# Data to examine
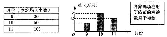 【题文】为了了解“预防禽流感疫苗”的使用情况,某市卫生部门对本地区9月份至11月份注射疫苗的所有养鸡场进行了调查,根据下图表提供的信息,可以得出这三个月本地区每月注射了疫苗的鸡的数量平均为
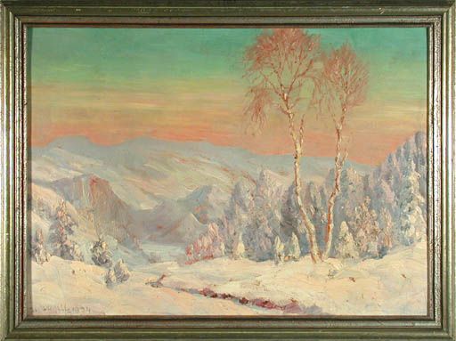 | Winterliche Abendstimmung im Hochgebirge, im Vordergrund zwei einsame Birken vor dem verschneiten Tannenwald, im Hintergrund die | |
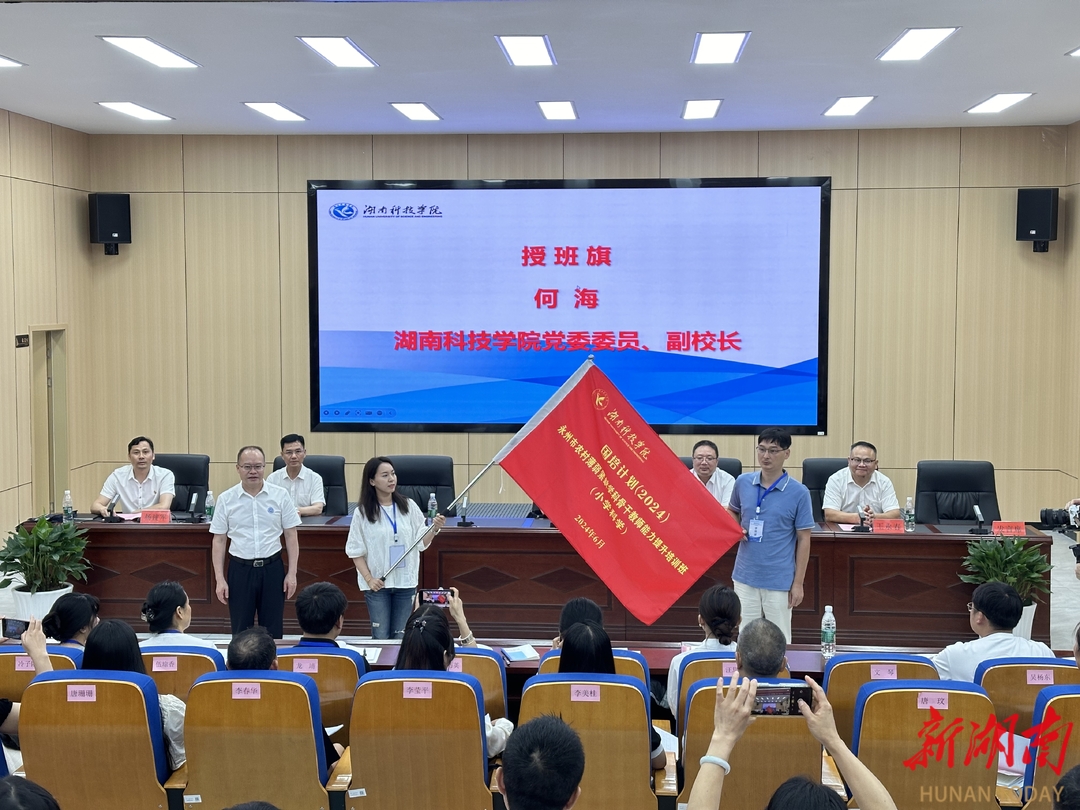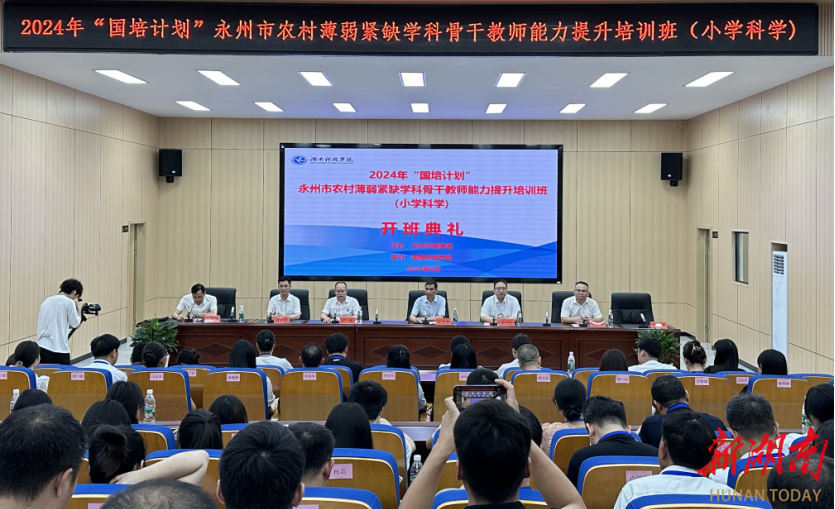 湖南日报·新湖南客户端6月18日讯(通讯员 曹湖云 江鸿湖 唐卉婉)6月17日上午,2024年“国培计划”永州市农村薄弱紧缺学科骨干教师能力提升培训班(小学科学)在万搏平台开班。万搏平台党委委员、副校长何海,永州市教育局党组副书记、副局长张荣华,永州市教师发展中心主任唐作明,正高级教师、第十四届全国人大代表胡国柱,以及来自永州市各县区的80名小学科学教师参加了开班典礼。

* * *

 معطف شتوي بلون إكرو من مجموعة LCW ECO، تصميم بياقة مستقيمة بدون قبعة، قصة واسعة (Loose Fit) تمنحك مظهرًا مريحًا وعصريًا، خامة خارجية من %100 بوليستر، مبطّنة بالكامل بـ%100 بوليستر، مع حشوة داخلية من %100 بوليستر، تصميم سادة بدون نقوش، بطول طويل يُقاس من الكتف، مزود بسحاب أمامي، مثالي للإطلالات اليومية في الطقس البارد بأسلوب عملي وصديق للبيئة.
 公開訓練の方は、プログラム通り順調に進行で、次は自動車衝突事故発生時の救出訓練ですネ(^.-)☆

# Problem requirements
From the data above, output only the lines between the line containing "معطف شتوي بلون" and the line containing "公開訓練の方は、プログラム通", inclusive, exactly as written.

# Task answer
 معطف شتوي بلون إكرو من مجموعة LCW ECO، تصميم بياقة مستقيمة بدون قبعة، قصة واسعة (Loose Fit) تمنحك مظهرًا مريحًا وعصريًا، خامة خارجية من %100 بوليستر، مبطّنة بالكامل بـ%100 بوليستر، مع حشوة داخلية من %100 بوليستر، تصميم سادة بدون نقوش، بطول طويل يُقاس من الكتف، مزود بسحاب أمامي، مثالي للإطلالات اليومية في الطقس البارد بأسلوب عملي وصديق للبيئة.
 公開訓練の方は、プログラム通り順調に進行で、次は自動車衝突事故発生時の救出訓練ですネ(^.-)☆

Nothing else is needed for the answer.